Irishman Peter Sutherland, a former World Trade Organisation chief, said on Tuesday he had been suggested for the job of European Commission president after EU leaders failed to agree on a candidate last week.
Sutherland, now a businessman, said during a visit to Rome he was aware that his name "was floated among others" by Irish Prime Minister Bertie Ahern, who holds the European Union's rotating presidency.
Ahern himself said there was "no panic" to find a successor to Italian Romano Prodi, whose term expires in October, but he hoped the EU would resolve the matter by next week following a dispute that has pitted Britain against France and Germany.
"Hopefully next week we return to this issue if we have an agreed name. As you know, we do not have an agreed name yet," Ahern told a news conference during a visit to Tokyo.
An official for the Irish presidency said EU leaders would meet in Brussels on June 29 to name the next chief of the bloc's executive if the row over the post had been settled by then.
"There will be a meeting if the Taoiseach (Ahern) is confident of having a name which will command consensus," the official said. "If that condition is met the Taoiseach will host a dinner on the evening of the 29th of June."
At last week's EU summit, Britain and some others blocked France and Germany's preferred candidate, Belgian Prime Minister Guy Verhofstadt, disliking his federalist vision of the future EU. Paris and Berlin in turn refused British External Affairs Commissioner Chris Patten.
Europe's "big three" clashed again on Monday, with Germany joining France in defying Britain by insisting the job should go to someone from a "core" EU state.

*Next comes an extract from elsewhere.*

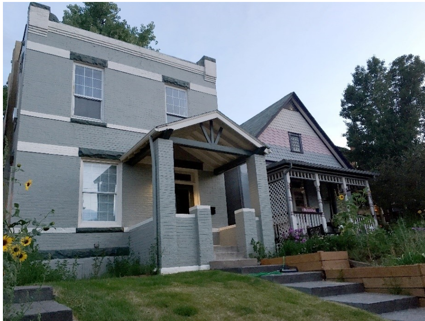
Figure 1 (l-r) 2568 W River Dr (Terrace Type) and 2572 W River Dr (Queen Anne/Gable Front)

Minor alterations include porch and window replacements as well as rear additions and new garages that are not visible from the street. These changes do not negatively affect the character-defining features of the district. The district provides an excellent snapshot of architectural styles and forms found in Denver in the late 1800s and early 1900s.
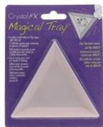
Beadsmith MAGICAL TRAY For...

That would appear to exclude candidates from more than half of the EU - Britain, Ireland, Denmark, Sweden or any of the 10 new, mostly east European member states which joined on May 1.
But Britain said the nominee could come from anywhere in the EU - even countries outside the euro currency, the Schengen open borders area or the EU's common defence arrangements.
Sutherland, who held the powerful position of European Commissioner in charge of competition issues between 1985 and 1989, said any candidate for the job would require the full backing of all EU governments.
"Nobody would consider accepting the job as Commission president which is one of the most difficult jobs in the world without a wholehearted and consensual decision by the European Council," he said.
"We do not seem to be in a such a position but, without it, anybody like me would be very unwise to speculate about what he might do in the future. I will not do so." Sutherland, 58, is chairman of global oil company BP and investment bank Goldman Sachs International. He was the first director-general of the WTO in 1995.
Sutherland's chances of landing the job could be handicapped by the fact that, unlike other contenders, he has never run a government and has not moved in EU diplomatic circles for years.
Ireland has adopted the euro but is not part of the Schengen agreement and has opted out of the common defence policy.
Sutherland's compatriot Ahern is himself seen as a candidate to replace Prodi but the European Parliament's largest political group said on Tuesday it would not support him as he is not from that party.
"No member state or political group has nominated him," Bob Fitzhenry, spokesman of the centre-right EPP-ED, said in a telephone interview, dismissing speculation that some EU leaders are asking Ahern to put his name forward.